With a group of 21 rescheduling at the last minute, Thursday was like a vacation day for us. Well, maybe not for Captain Harold & Captain TJ who found themselves working hard for the Harrison couple and Paul J. party. Also we were busy wrapping up the final video and photo session for our new commercial- I especially want to thank the following guides for not only volunteering, but also being compensated for going fishing while being filmed. Captain's Jason, Nathan, Cooper, and Nick.
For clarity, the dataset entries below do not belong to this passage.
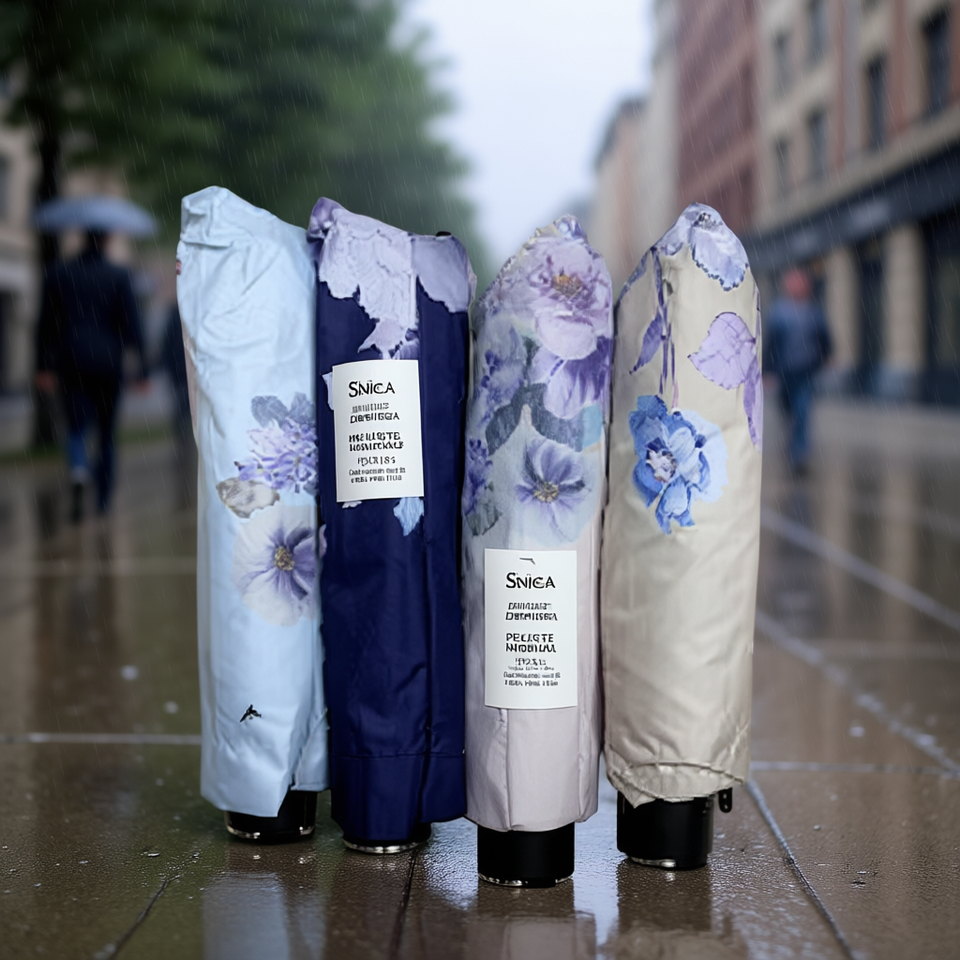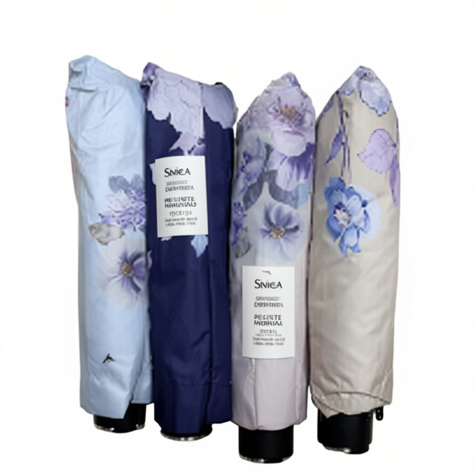 Paraguas Plegable Snica de Tres Secciones, 8 Varillas, Poliéster, Apertura Manual, Diseño Floral, Protección Solar y de Lluvia, para Viajes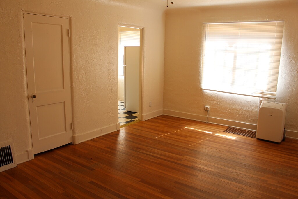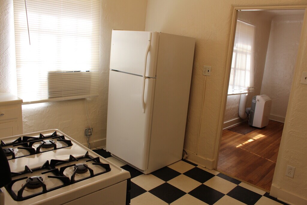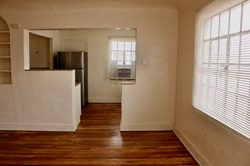 Gorgeous historic bungalow apartment with hardwood floors and lots of natural light is completely move-in ready and available right away. Super-close to UNM and Presbyterian, this beautiful 1-bedroom, full bathroom home is equipped with refrigerated air, gas stove, dishwasher, fridge, lots of built-ins and storage. Parking is in the back alley, and there's even a shared washer and dryer right on-site!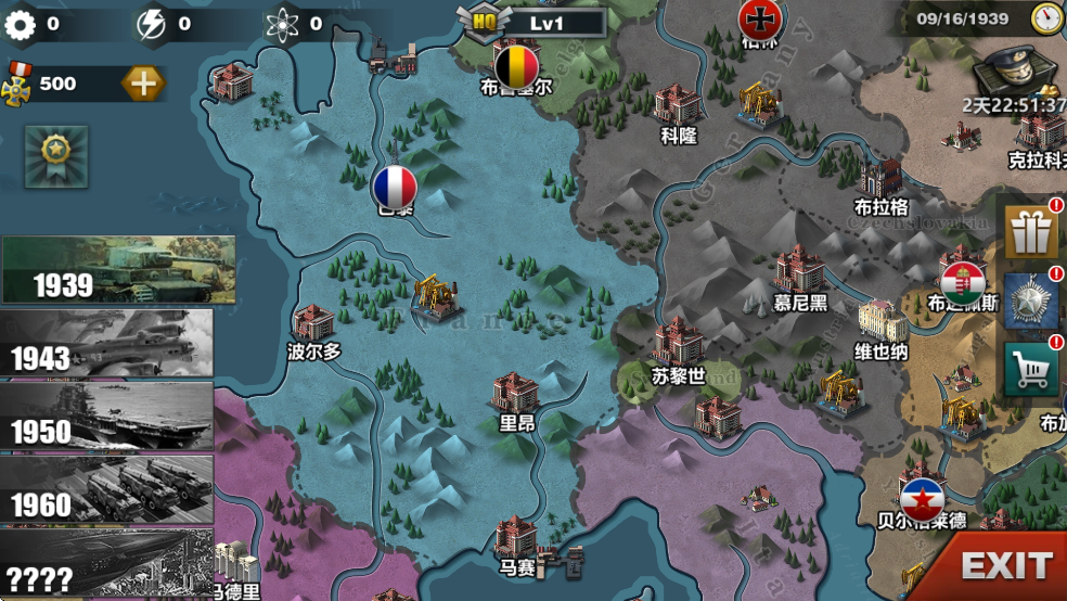 世界格局随时间发生变化,你可以选择任何国家加入战争。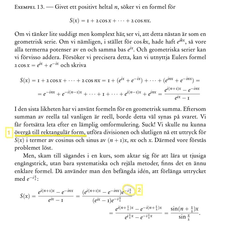 2. Exponenterna blir i(n+1-½)x = i(n+½)x respektive i(n-½)x. Varför har du delat n med 2?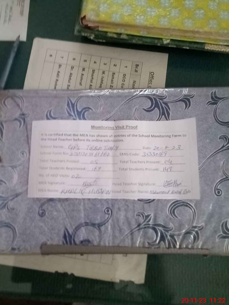 | EMIS Code: 31330169 | Name of School: GPS TIBBA THALLY | |||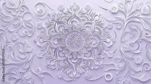 An elegant silver laser-cut design featuring a mandala on a soft lavender backdrop, with detailed swirling patterns and delicate floral accents. The silver shines brightly.

According to guests Paul J. "TJ put us on 18 trout while drifting with live shrimp." We had a lot of small fish as well, it was fun!" Captain Harold found a few nice reds, drums, and some solid trout for the Harrison party. Meanwhile the guides filming the commercial stated "We really had a good day with top water while releasing reds to 25-inches." It was cool to see such a awesome sun rise too.

Thursday afternoon we welcomed a large Rotary Club with 22-guests in from the Hill Country for the next 3-days. We awoke today - (Friday) to some awful bad north winds gusting to 25 mph, and it's getting cooler by the minute. Today will be a real challenge, but I have complete confidence that our guides will work their hardest to please this group.

*Bay Flats Lodge News*

2012- Ducks Unlimited filming TV show for DU TV at the lodge in November.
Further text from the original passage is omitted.